*Exercise requirements*: Please return the listing exactly as it stands, skipping any pictures.

*** Data ***

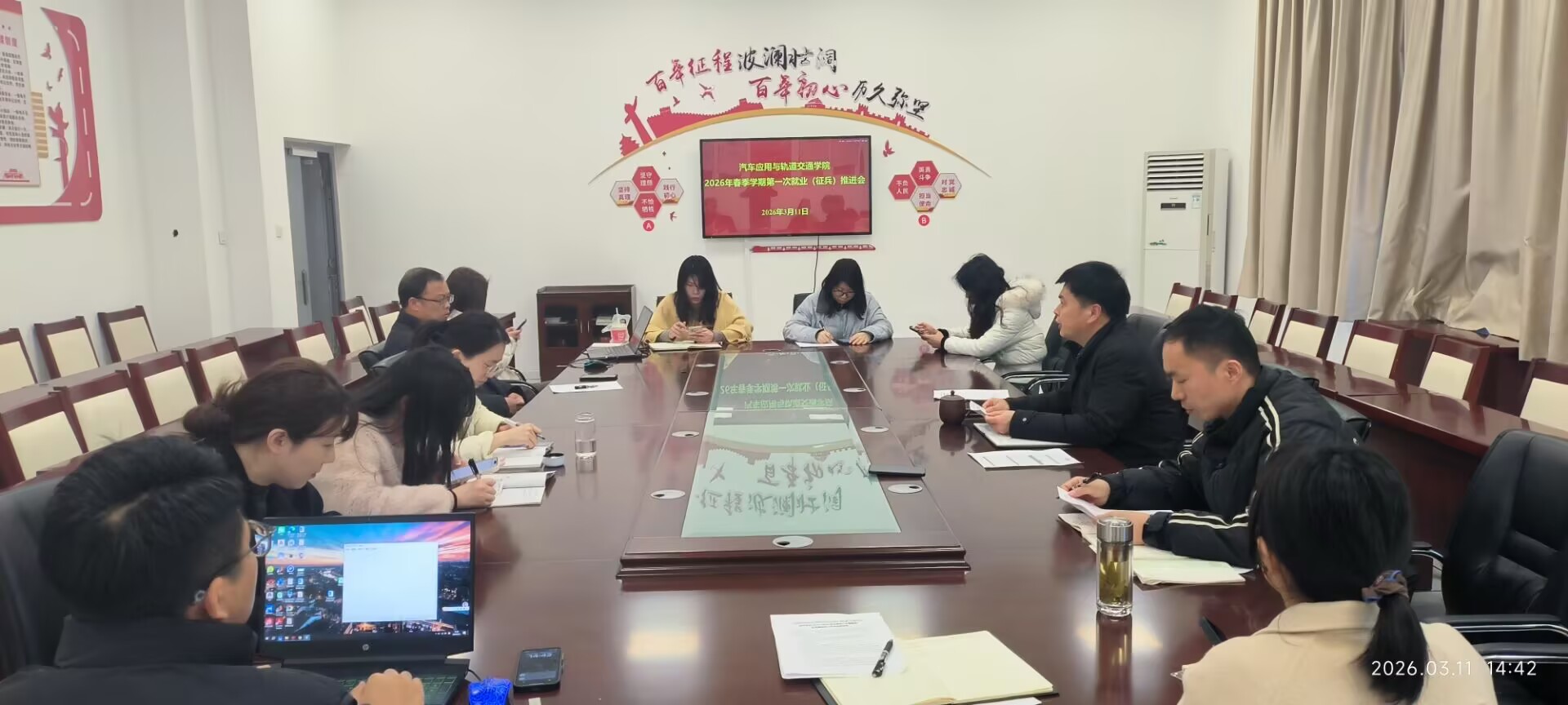 || 3月11日,汽车应用与轨道交通学院在学院会议室召开2026届毕业班全体辅导员春季学期首次就业(征兵)推进会议。我院党总支副书记(主持工作)尹仕果、党总支副书记梁雯婷、2026届全体毕业班辅导员及我院就业工作人员参加会议。会议旨在深入贯彻落实教育部及学校关于高校毕业生就业工作的决策部署,分析当前就业形势,明确下一阶段工作重点,全力推动2026届毕业生高质量充分就业。会议伊始,我院就业负责老师李秋晓领学了教育部关...
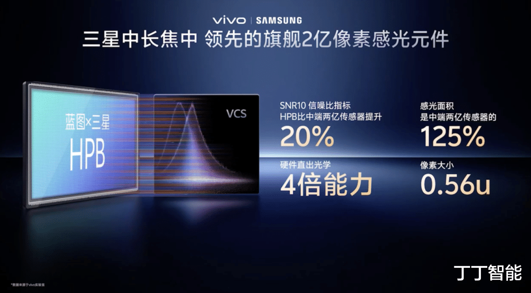 先看 “大王” X300 Pro,长焦直接从三星 HP9 换成和三星联合定制的 HPB,还是 1/1.4 英寸大底、2000 万像素,像素尺寸 0.56μm。
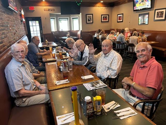 August was a cozy Lunch at which the Brothers enjoyed a break in the rain. Doyle, Layton, Merker, Monfort, Pellegrini, Repovich (who was our photographer for the day!),Tuminello Vogelsang and Wiener were the attendees!

***

*Result of the task*:
 || 3月11日,汽车应用与轨道交通学院在学院会议室召开2026届毕业班全体辅导员春季学期首次就业(征兵)推进会议。我院党总支副书记(主持工作)尹仕果、党总支副书记梁雯婷、2026届全体毕业班辅导员及我院就业工作人员参加会议。会议旨在深入贯彻落实教育部及学校关于高校毕业生就业工作的决策部署,分析当前就业形势,明确下一阶段工作重点,全力推动2026届毕业生高质量充分就业。会议伊始,我院就业负责老师李秋晓领学了教育部关...
 先看 “大王” X300 Pro,长焦直接从三星 HP9 换成和三星联合定制的 HPB,还是 1/1.4 英寸大底、2000 万像素,像素尺寸 0.56μm。
 August was a cozy Lunch at which the Brothers enjoyed a break in the rain. Doyle, Layton, Merker, Monfort, Pellegrini, Repovich (who was our photographer for the day!),Tuminello Vogelsang and Wiener were the attendees!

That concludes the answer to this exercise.